Felíz día de muertos!

Felíz día de muertos!

 


   Dia de finados no Brasil é triste. No México é festivo. Segue um trecho do livro de minha autoria "Siga o seu coração: busque Chavela Vargas", onde conto um pouco do que vi, senti e descobri em minha primeira viagem ao país mais encantador que conheço.

 

   “Eu saí do Brasil para conhecer a tradição do dia dos mortos e naquela tarde visitei um dos lugares de fundamental importância para a data: o cemitério de Coyoacán. Era tudo que eu queria ver. Olhei para o local, tentando não relacioná-lo com o que eu conhecia da cultura brasileira, que era de muita tristeza, lágrimas, algumas flores e chuva (quase todos os anos, chove em São Paulo no dia de finados). Eu queria olhar de um novo ângulo para, finalmente, compreender a cultura mexicana. E confesso que foi muito fácil entender.

   Enquanto humanos, a nossa morte continua sendo apenas uma etapa na Terra. O fim de um ciclo da matéria. Mas as pessoas lidam de maneiras diferentes com isso. A diferença básica entre brasileiros e mexicanos é que nós, brasileiros, usamos a data para cultivar a dor da ausência.  Lembramos tudo que não dissemos, tudo que não fizemos e tudo o que a pessoa falecida deixou de presenciar. Isso inclui os familiares que se casaram e as crianças que nasceram. Por outras vezes, nos culpamos por não sentir saudade. Realmente como parece, esse é um dia para lamentar as atitudes que não tomamos enquanto a pessoa querida estava viva. Os mexicanos olham do ângulo oposto: eles celebram a vida que o ente querido teve. Celebram a vida e sua presença entre os vivos nos dias 1º e 02 de novembro. É dia dos mortos, mas é festa porque eles viveram.

 

      Em geral, a celebração no México é feita entre o dia 31 de outubro e 02 de novembro. No dia 31 de outubro, ao meio-dia, são esperados os “anjinhos”, que são as crianças falecidas. Já os adultos são esperados dia 1º de novembro, a uma da tarde.
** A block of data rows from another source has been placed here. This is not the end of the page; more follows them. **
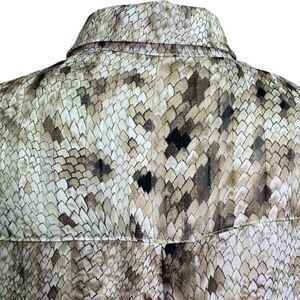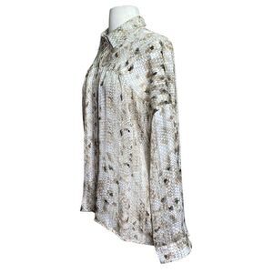 POL Sheer Button Front Blouse Tan and Gold Scale Print Medium
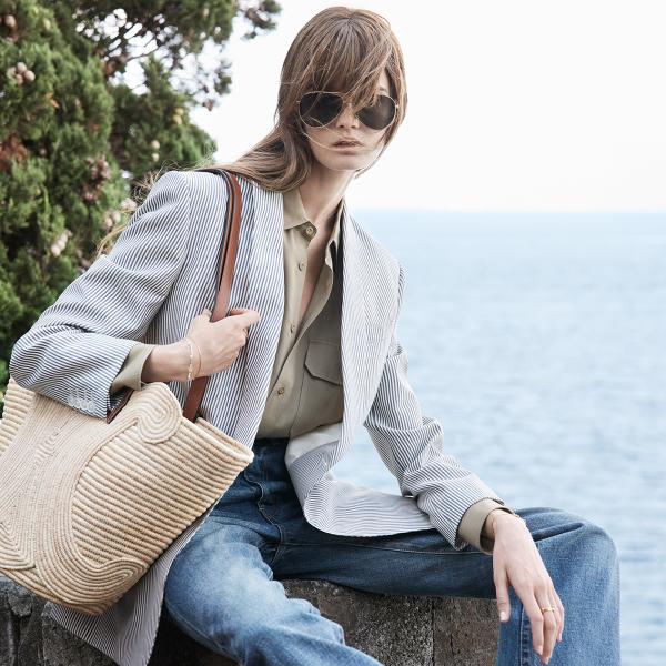 The capsule includes a mix of seaside and city references and iconic lines such as Triomphe are revisited in fresh animations of wicker, textile and natural leather with braiding detail.
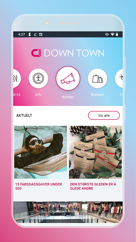 Mobilappen til Down Town kobler dine personlige fordeler med den siste informasjonen om butikkene, nyhetene og arrangementene i kjøpesenteret.
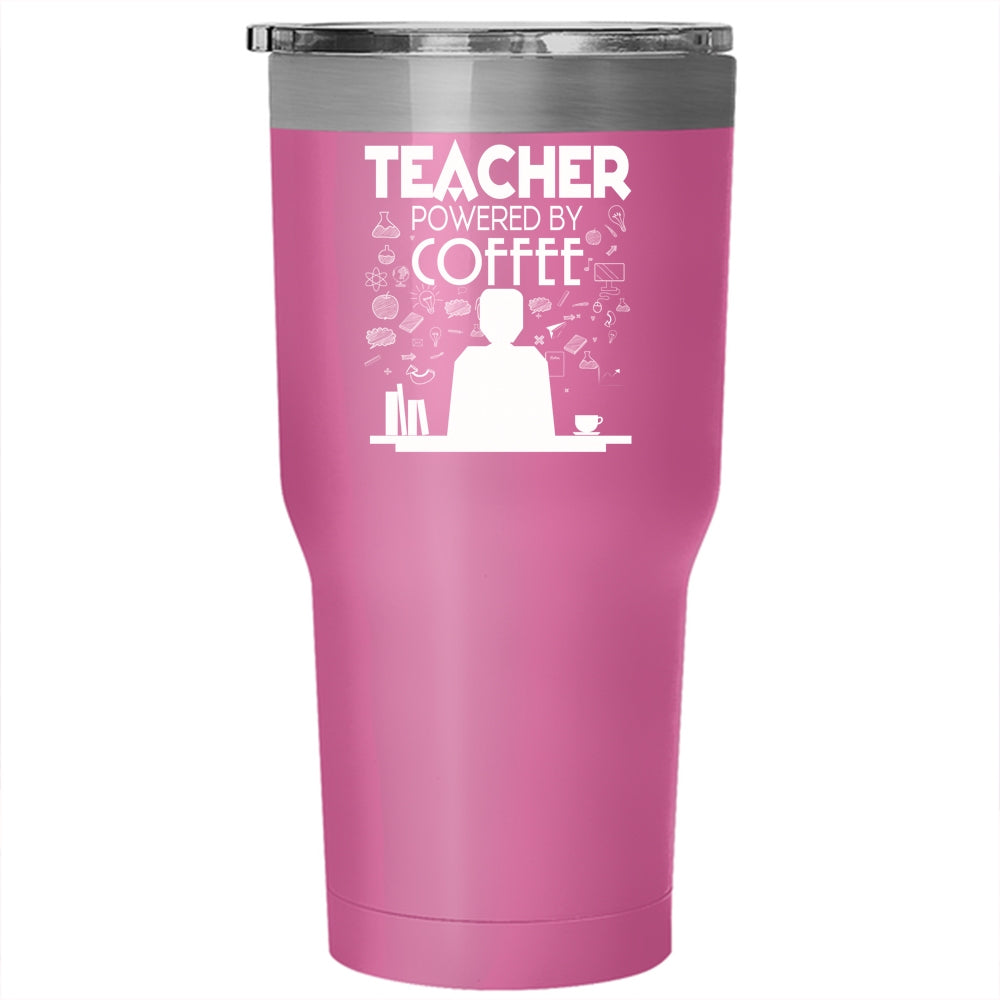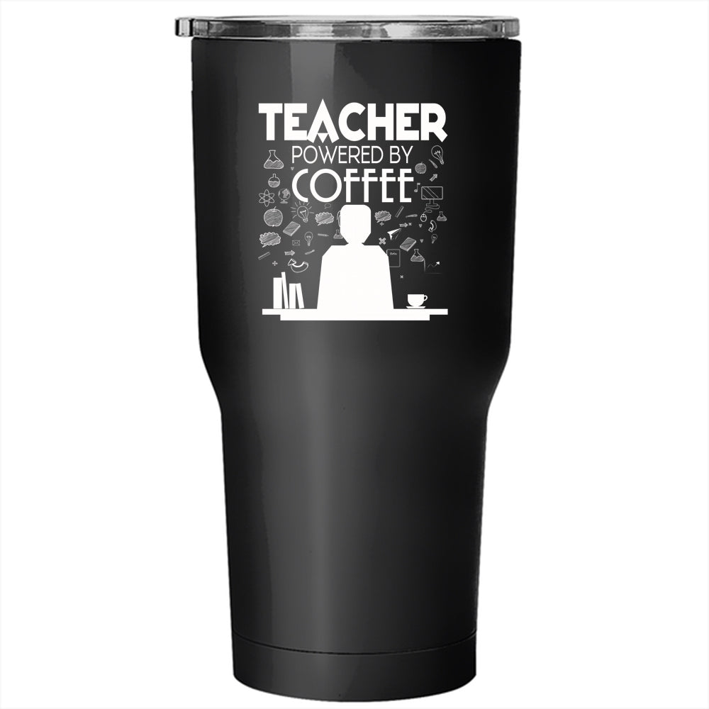 Teacher Powered By Coffee Tumbler 30 oz Stainless Steel, Funny Gift For Teacher Travel Mug
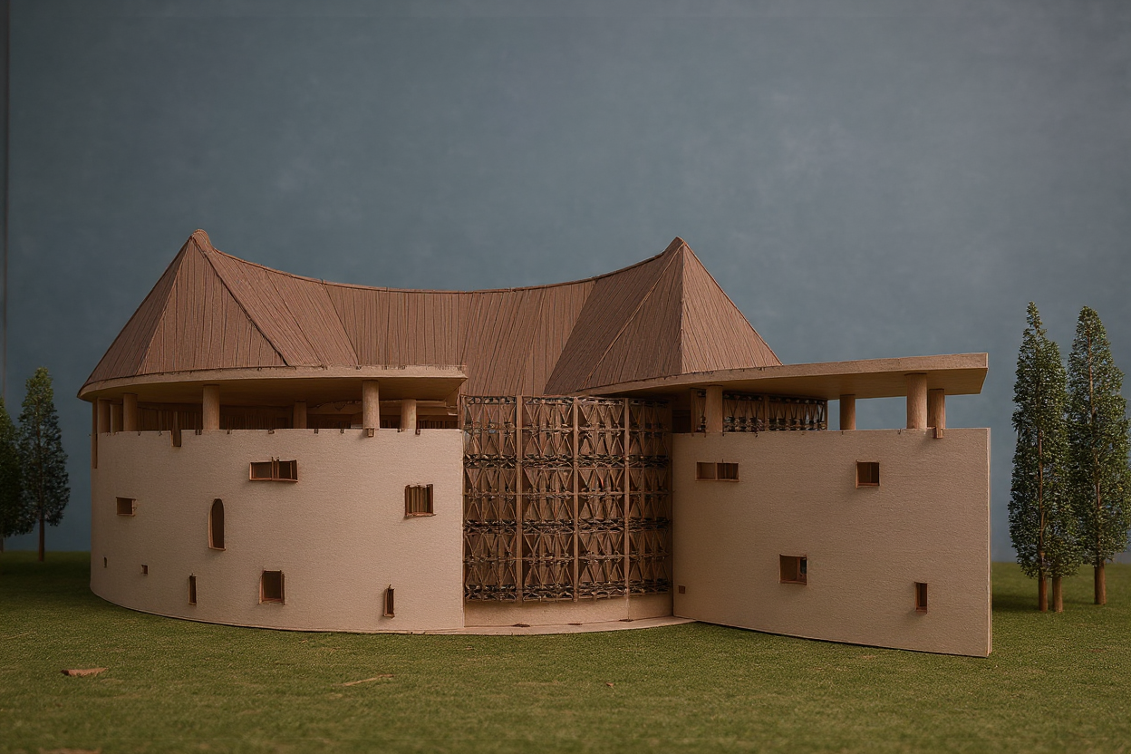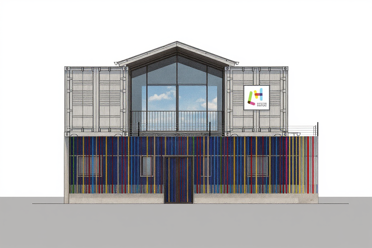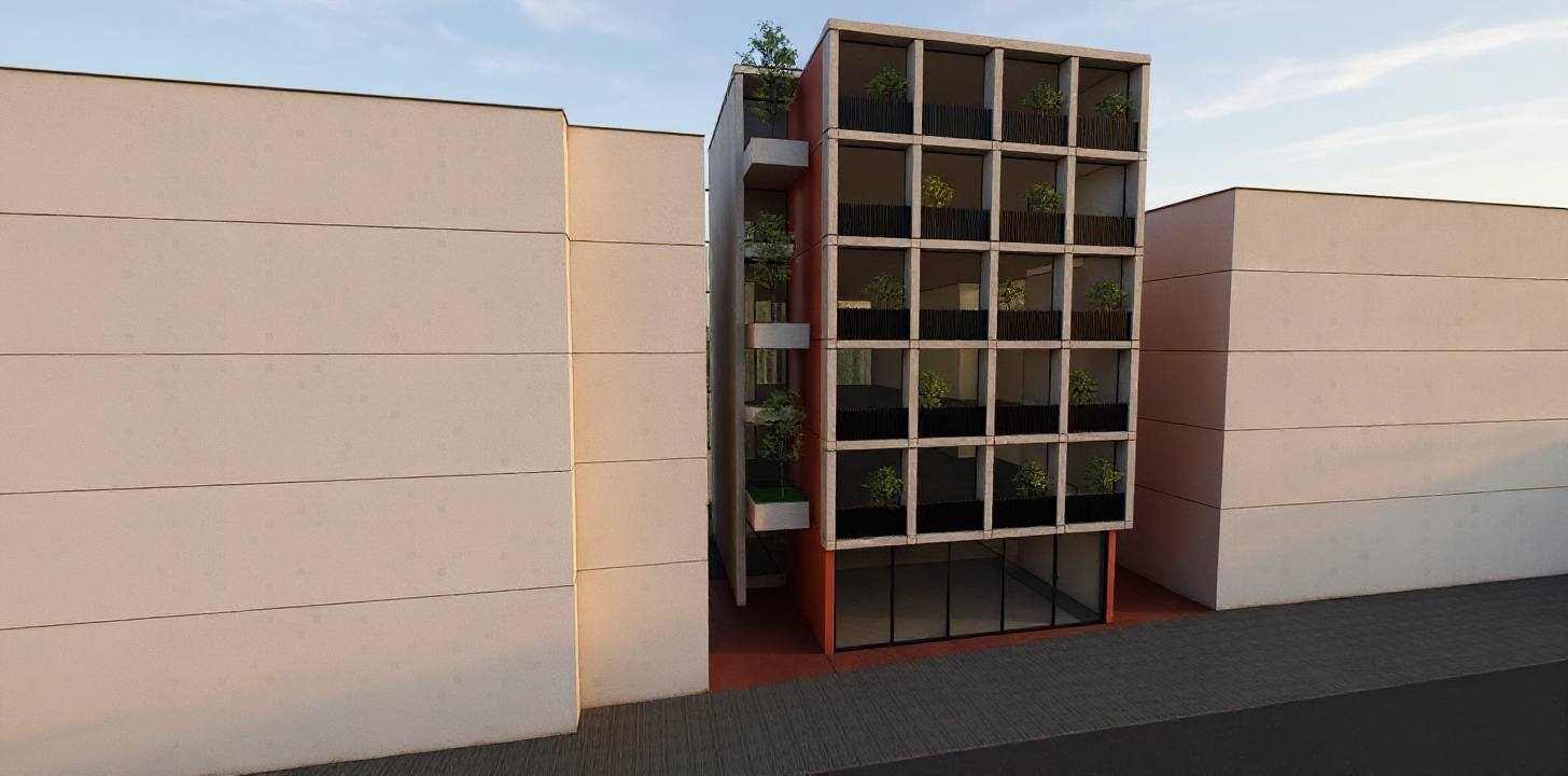 keep the current render exactly as it is do not modify any colors materials lighting geometry proportions or surrounding elements no global changes of any kind are allowed the only modification to apply is to the central space on the second floor which must be converted into a fully open void that passes completely through the building from front to back for this central second floor space there is no back wall no rear enclosure no glazing no glass no solid surface no depth closure no visual termination this space must render as a complete perforation through the building mass fully transparent all the way to the background with visible sky or distant neutral background through it with zero architectural elements inside the void
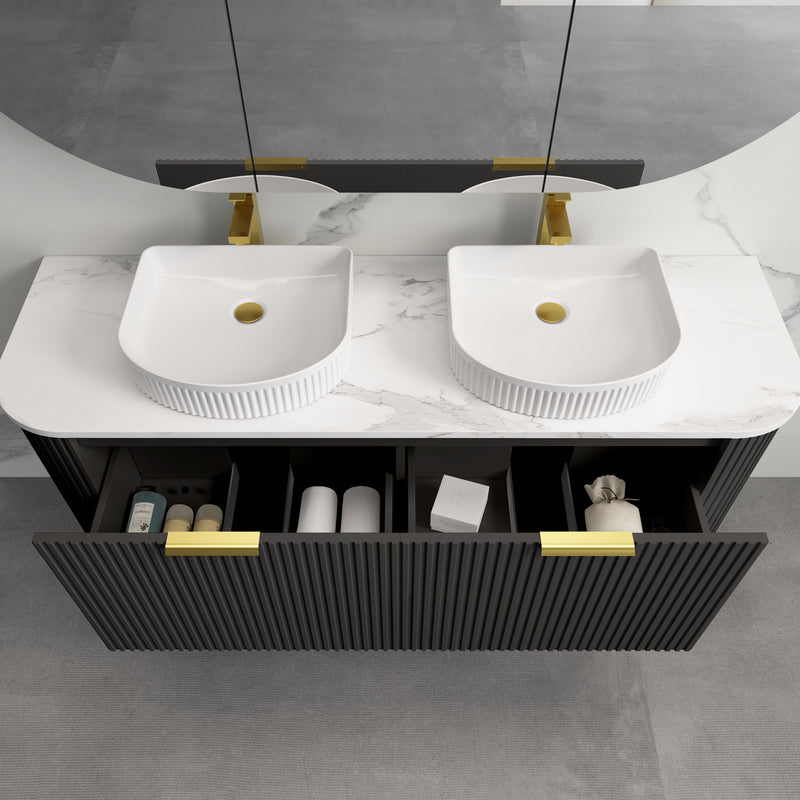 Rio 1500 Curved Fluted Matte Black Wall Hung Vanity
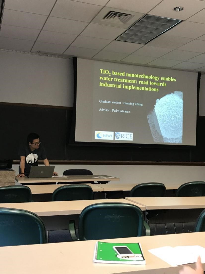 第一次讲座的汇报人是在莱斯大学访学的张丹宁博士,他汇报的课题是基于纳米技术合成的TiO2在水处理产业中的应用,在材料表面改性方面有所创新,并着重讨论实际应用的问题,如回收和稳定性。随着工业化、城市化的加快,全世界面临着水资源短缺、污染严重的挑战。传统的污水处理效率低,成本高,有的甚至存在二次污染等问题,使得污水治理受到一定的限制。纳米TiO2粒径小,比表面积大,分散性好,并且具有很高的光催化活性,能在紫外光甚至可见光的照射下降解各类化学物质。同时由于纳米TiO2化学活性高,安全无毒,价格低廉,而且光催化氧化工艺简单,操作条件容易控制、氧化能力强、无二次污染,故以纳米TiO2作为催化剂的光催化氧化法是一种具有广阔应用前景的水处理新技术。
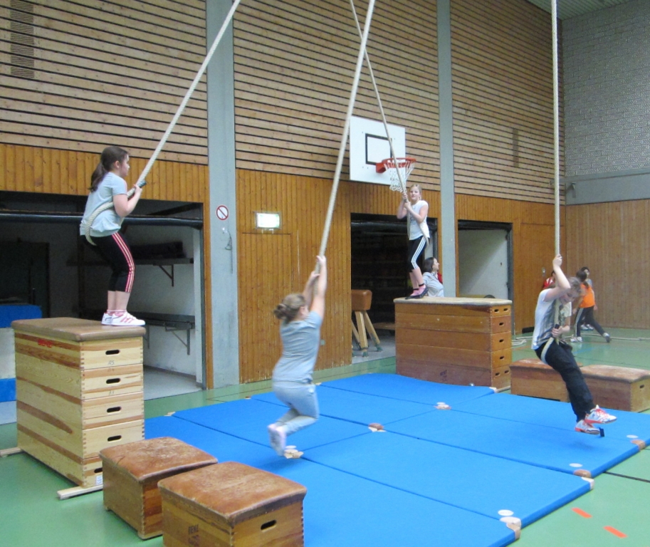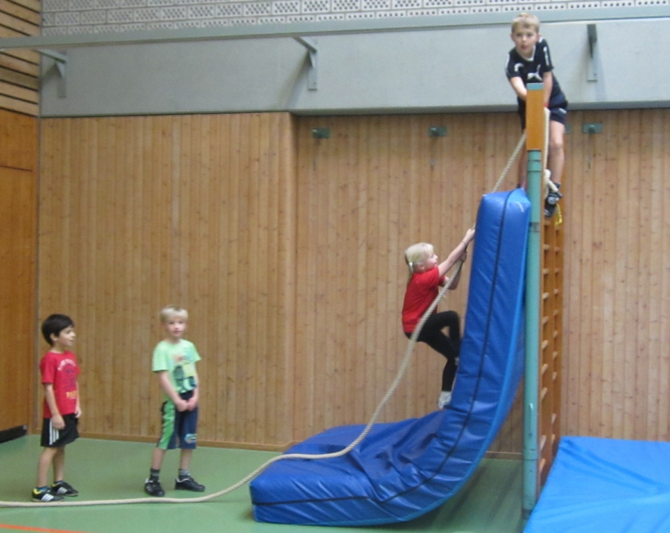 Stark frequentiert beim diesjährigen Großgeräte-Sporttag war wieder der Blaue Elefant, ein mit einer Weichbodenmatte verkleidetes Pferd zum Überspringen bzw. Überrollen. Aber auch die Taue zum Klettern und Schwingen, die Ringe, das Trapez, die vielen Barren zum Überklettern und Hangeln, die Recks zum Turnen bzw. Skispringen, der Berg an der Sprossenwand, der nur mit einem dicken Tau erklettern werden konnte und die Balancierlandschaft wurden von allen Kindern ausprobiert und für gut befunden.

A celebração é repleta de sabores, que fizeram a alegria desta pessoa que regressa. São criados altares que permanecem em uma mesa em algum ambiente da casa, geralmente adornado com toalha branca, onde se colocam as oferendas.

Cada detalhe da decoração tem uma razão para estar presente. As pétalas das flores de Cempazuchitl são usadas devido à sua cor (amarelo ardente) para iluminar e orientar a alma do morto até sua casa. Sem dúvida, é a flor mais utilizada, porém não a única. Os altares infantis possuem flores brancas, que representam a pureza.

   Acredita-se que a fumaça do incenso e do copal subam pelo ar, inundando o espaço entre a terra e o céu para fazer a comunicação com Deus. As velas também são usadas para iluminar o caminho do falecido. Imagens religiosas e alguns objetos utilizados em vida também podem ser encontrados nos altares para que confortem os visitantes durante este breve retorno à Terra. São oferecidas as comidas e bebidas preferidas do falecido.

   Algo curioso é que a maioria dos mexicanos são católicos, e eles são capazes de unir, em perfeita harmonia, a religião e a tradição, sem desrespeitar nenhuma das duas.

 

   Vi o cemitério bem decorado. Os túmulos mais coloridos eram os de crianças, onde havia uma infinidade de brinquedos. Era lindo de se ver, mas muito triste. Caminhei por muito tempo no cemitério e saí de lá transformada. Eu já olhava tudo com novos olhos. A quantidade de informações e sentimentos que surgiam foram responsáveis por criar uma nova pessoa, que estava disposta a absorver tudo que pudesse daquela cultura magnífica. Segui pela Rua Centenário, passei próximo à Casa Azul e estive na Praça Hidalgo até o fim da tarde. Eu mal podia esperar para o dia seguinte e o mais importante da viagem.

 

O silêncio ensolarado daquele domingo, dia dois de novembro, me acordou cedo e me conduziu até Coyoacán. O vazio e a alegria do lugar já faziam parte de mim. E não tenho palavras para descrever aquele reencontro e a saudade que sentia daquele lugar que não conhecia. Era o lugar escolhido para passar o dia de finados. Fui ao cemitério novamente. Cheguei pouco antes do meio-dia e, para minha alegria, minutos depois começou uma missa para todos os mortos. A primeira missa a que assisti em espanhol. Linda! Os raios do sol cruzavam as árvores e clareavam de maneira curiosa todo o local. O lugar estava repleto de gente, incluindo três mariachis que cantavam por entre os túmulos.